Woman holding palm in front of camera
Jul 2020 - 3 Min read

My Abusive Relationship Story: I Don’t Blame My Abuser or Myself

English Writer Progressive Millennial

A victim of domestic abuse looks back and tries to find reconciliation. 

I can’t remember the first time he hit me. That seems like the kind of detail you’re supposed to remember, but as hard as I strain, there’s no dramatic moment of change I can recall.

The clearest scene in my memory is waiting for the school bus. He grabbed my throat and pushed me up against the wall. I could still breathe but it felt like a warning. He started to grab at my breasts and twist them. I thought he might be able to rip them off. At least ten other kids were watching. I said “no” and he put his hand down my pants and grabbed me.

Then, he pushed me away and laughed. I laughed, too. I didn’t know what else to do.

I don’t remember many beatings, but bruises I do remember. I had to stay aware of them. I didn’t want anyone to notice, but I also kind of liked them. They seemed to me like a badge of honor or proof of resilience.

I was 12 when it started and 17 when I decided enough was enough.

It wasn’t until a year after it stopped that I could name what had happened to me. I hadn’t thought of it as physical abuse. It just seemed like playing around had gotten too rough. We were friends and there were feelings. It felt like we were just joking.

I didn’t know what else to do.

The Impact of Domestic Abuse on Victims Lasts a Lifetime

Young girl wearing a beanie

We first met when we were 11 years old. We were in all the same classes and both at the top of the class. I remember that being very important. It made me feel like we were somehow co-conspirators. I fell in love with him quickly. He was intelligent and a little nerdy and he seemed mature to me.

In true tween fashion we shared that we "liked" each other, but we never dated. I think that’s what kept me hooked. There was a chance that something might happen without any guarantees and it made me feel like I had to work harder to be liked by him.

He would hold my hand and wrap his arms around my waist and it made me feel safe. I felt like I had this dangerous bear on a leash who could lash out at anyone who came near me and hide me in its warm fur.

But it wasn’t just flirty messages and holding hands. There were punches and kicks and grabs and pushes. More than once he threw me down the stairs. I think it was part of a joke. I remember him laughing and me panicking as I braced for impact. It was at least 40 steps. I still have back pain.
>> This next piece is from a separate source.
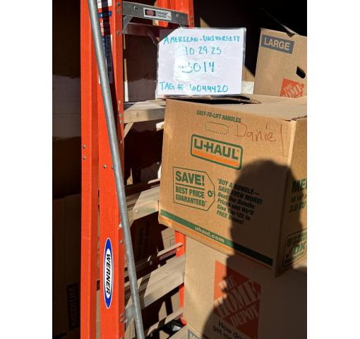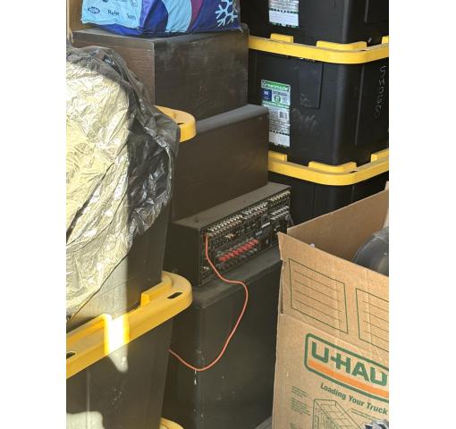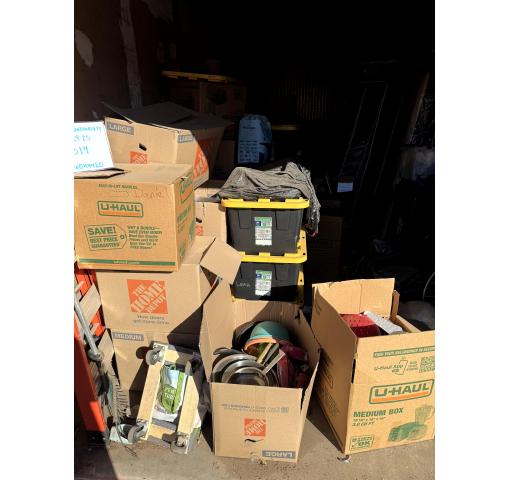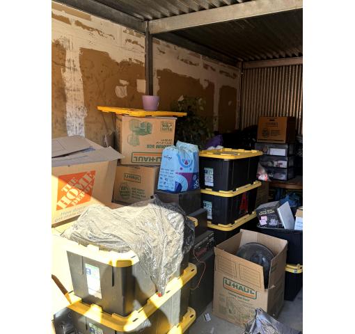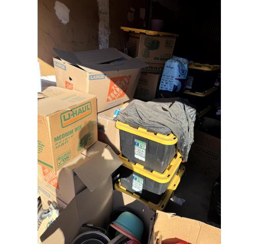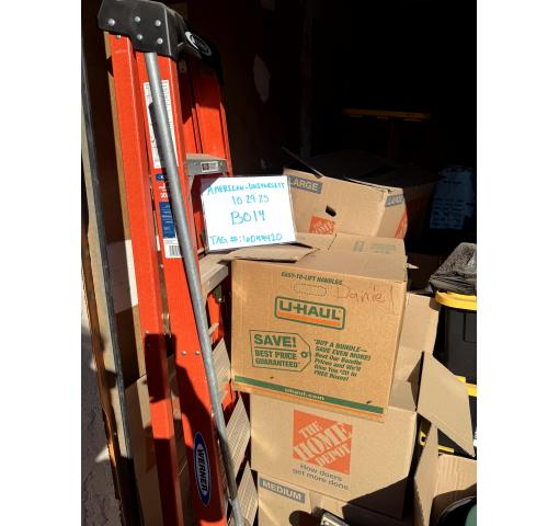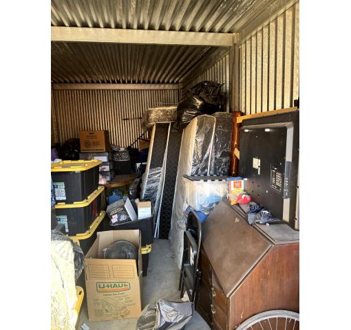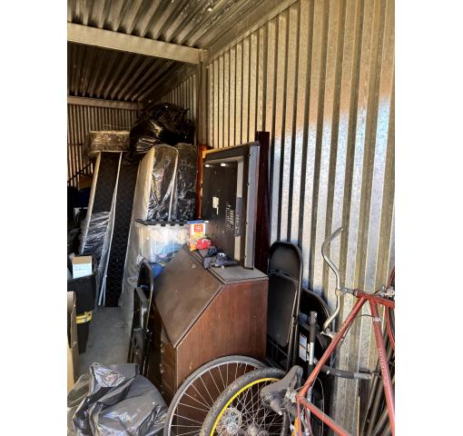 This is a 10 x 20 unit that appears to contain a ladder, dolly, bicycles, flat screen, desk, beds, table, electronics and many boxes and totes of misc.

Once, I was changing for sports class and a friend noticed purple and blue splotches up my leg. I had been kicked. When she asked, I said it was an accident while we were playing around. I believed it too. Like it had just somehow happened.

That’s the thing that took me the longest to reconcile. I convinced myself so well that it was accidents or just kids playing around that I wondered if I had overreacted. Even now, I’m not sure I disagree.

I still have back pain.

Do Abusers Know What They're Doing? It’s Not Always a Simple Yes or No

Schoolbus

What happened to me was a living nightmare. It’s something that no child should have to go through. There are certainly adults that failed me by not noticing what was happening, openly…even in school.

As an adult, as a feminist, when I see or hear of anyone in a circumstance of domestic abuse, male or female, I am horrified. There is no doubt in my mind that the abuser is to be blamed and, also, should be arrested. So often abuse ties in with manipulation and control. It’s complex and different in every circumstance that it happens. For me, even years later, I don’t see the intent. I just see a confused little boy who needed help.

So, can I blame him? I don’t. Because while I was just 12 when it started, so was he. We were children in the playground and there should have been adults there to stop it. We grew together into a terrible pattern of abusive behavior and I can’t resent him for it when neither of us knew any better.

But we should have been taught better. At 12, he shouldn’t have thought it was okay to treat me like that. And how could I have thought it was okay to let him?

I wonder now how he remembers it. I haven’t spoken to him since. Would he be surprised by my account? If he told this story I wonder if it would be the story of young dumb mistakes he made in his teens. Or would it be about a girl he used to have feelings for that he messed about with? I’m not sure and I’m not sure that it matters, after all.